Ready to say goodbye to your landlord and take on the ultimate adulting move of homeownership in 2017? See these tips from the tax pros at H&R Block on how to start saving for your down payment and ways to improve your credit score.
As a first-time home buyer, why is it important to save up for the big purchase? The more money you can contribute to your home’s down payment, the better your home loan rates could be. Conventional home loans typically require you to put down at least 3% of your home’s final cost. But, if you can manage to scrape together 20% or more, you may see lower up-front fees, ongoing fees, and a reduced monthly payment — all well worth it in the long run.
Follow these tips for saving for your first home and accrue money faster than you thought possible:
1. Practice The Power of Persuasion
Did you know that credit card interest rates, your cable bill, and even your car insurance premiums aren’t set in stone? If you feel like honing your negotiating skills, consider calling up your providers and asking them for better rates.
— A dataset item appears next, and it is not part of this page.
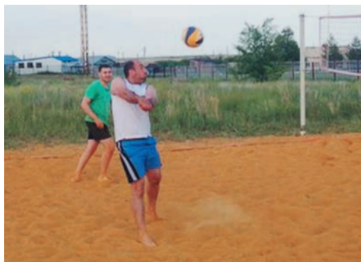
День молодежи в поселке Голубой Факел встретили по-спортивному

Лето — отличное время для спортивных состязаний на свежем воздухе. В Домбаровском ЛПУМГ к Дню молодежи, который отмечается в конце июня, организовали праздник спорта. В легкоатлетическом кроссе, соревнованиях по пляжному волейболу и мини-футболу приняли участие молодые работники основных служб филиала и молодежь по-
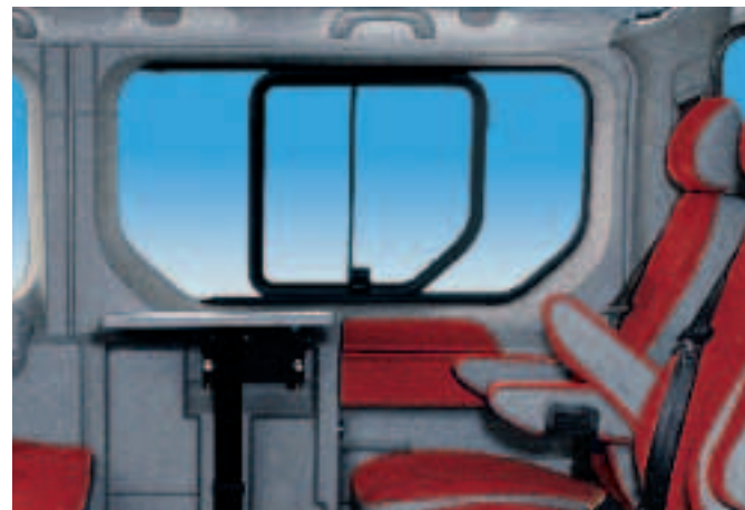
Frischer Wind im Fond: Die Seitenfenster rechts und links neben der 2. Sitzreihe lassen sich zum Öffnen verschieben.

puterspiele-Spaß. Größere Kinder und Erwachsene profitieren im Falle eines Falles von 3-Punkt-Sicherheitsgurten und höhenverstellbaren Kopfstützen auf allen Plätzen sowie pyrotechnischen Gurtstraffern mit Gurtkraftbegrenzern (vorn und auf den äußeren Plätzen der Sitzbank). Gute Fahrt!

2. Review and Optimize Your Credit
If negotiating doesn’t sound like your cup of tea, you can still improve your credit without talking to anyone on the phone. First, make sure your payments are on time, and that you don’t have any outstanding debts. You can use a credit check website to review your credit history, as well.
3. Get a Side Hustle
Thanks to the rise of the sharing economy, it has never been easier to make a little cash on the side. In fact, you can use apps like Lyft, Uber, and Fare, to turn your car into a cash cow at the click of a button. An additional income source never hurts, and you’ll probably come away with plenty of repeat-worthy stories about the people who use your services. Plus, you can write off your mileage, gas, and car maintenance come tax season.